Cynan Jones, "Reindeer"
It’s December 19. Cynan Jones, author of Cove, hears those sleigh bells jingling.
How would you describe your story?
CYNAN JONES: It’s deliberately sparse, deliberately inconclusive, deliberate in its shift as the self-contained, competent physical narrative is undone and doubt and questions of truth take over. Ultimately, it’s a story about stories.
When did you write it, and how did the writing process compare to your other work?
CJ: August 2020. COVID lockdown in the UK. I put the month aside to draft four stories that had been on my mind for a while, and all of which had something at their centre that would require a publisher to take a leap. I gave each story one week in August to see how they fell on the page. This was one of them. I always had the Calendar in mind for it given its setting and topic and was very happy when it hit the mark for H&O.

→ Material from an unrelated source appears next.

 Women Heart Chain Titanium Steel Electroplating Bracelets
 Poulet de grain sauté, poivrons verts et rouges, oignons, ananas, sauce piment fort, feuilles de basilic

Once that early draft was down, I went back over it every now and then, through ’21 and into ’22, in the main making small refinements, decisions.
The ‘August’ exercise differed from my usual writing process. Usually, (in an ideal world), I don’t start writing a story down until I can pretty much see it in my head. Or maybe see is too blunt a word. It’s more that I can inhabit the story, and be in it, to report it. Anyway! The endeavour in that August was to get text on the page and see how it felt, then draw the story properly from it.

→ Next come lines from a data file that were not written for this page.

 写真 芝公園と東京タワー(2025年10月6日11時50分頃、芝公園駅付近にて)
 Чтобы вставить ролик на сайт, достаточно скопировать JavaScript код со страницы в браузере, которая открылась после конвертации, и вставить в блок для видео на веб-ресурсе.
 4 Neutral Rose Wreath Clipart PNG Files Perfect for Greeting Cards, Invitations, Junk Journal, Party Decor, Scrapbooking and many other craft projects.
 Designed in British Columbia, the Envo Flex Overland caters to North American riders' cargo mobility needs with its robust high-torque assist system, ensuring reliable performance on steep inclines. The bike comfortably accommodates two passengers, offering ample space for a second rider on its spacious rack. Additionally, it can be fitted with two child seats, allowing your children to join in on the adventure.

What kind of research went into this story?
CJ: For once, I wasn’t working in a landscape I knew intimately. This story had that in common with another of the August pieces. Perhaps I was sort of ‘travelling,’ given the COVID lockdowns and ongoing choices I had to make to navigate the pandemic.
I didn’t want to be specific, as such, as to where the story takes place, but wanted the proto-North to feel convincing and for that I did some work on the species that would be present, (albeit much of that work didn’t find its way into the text). I also did a good deal of research on hunting bears, types of snow mobile, and—something I’ve had personal experience of in the past—head injuries!
What, to you, makes the short story a special form? What can it do that other kinds of writing can’t?
CJ: The short story is an event, everything matters. There’s no room for digression, and that—when a writer gets it right—makes for an immersive, transporting experience that leaves a mark far more significant than the time you’ve spent to read it.
Where should people go to learn more about you and your work?
CJ: Read the books, the stories. That’s where the important stuff is.
If you want to learn more about my process, my approach, you could always check out my online short-story course run by Curtis Brown Creative.
What's the best gift you've ever been given?
CJ: I can’t answer that. A gift is specific to a moment. My kid gives me the simplest things all the time and they knock backwards!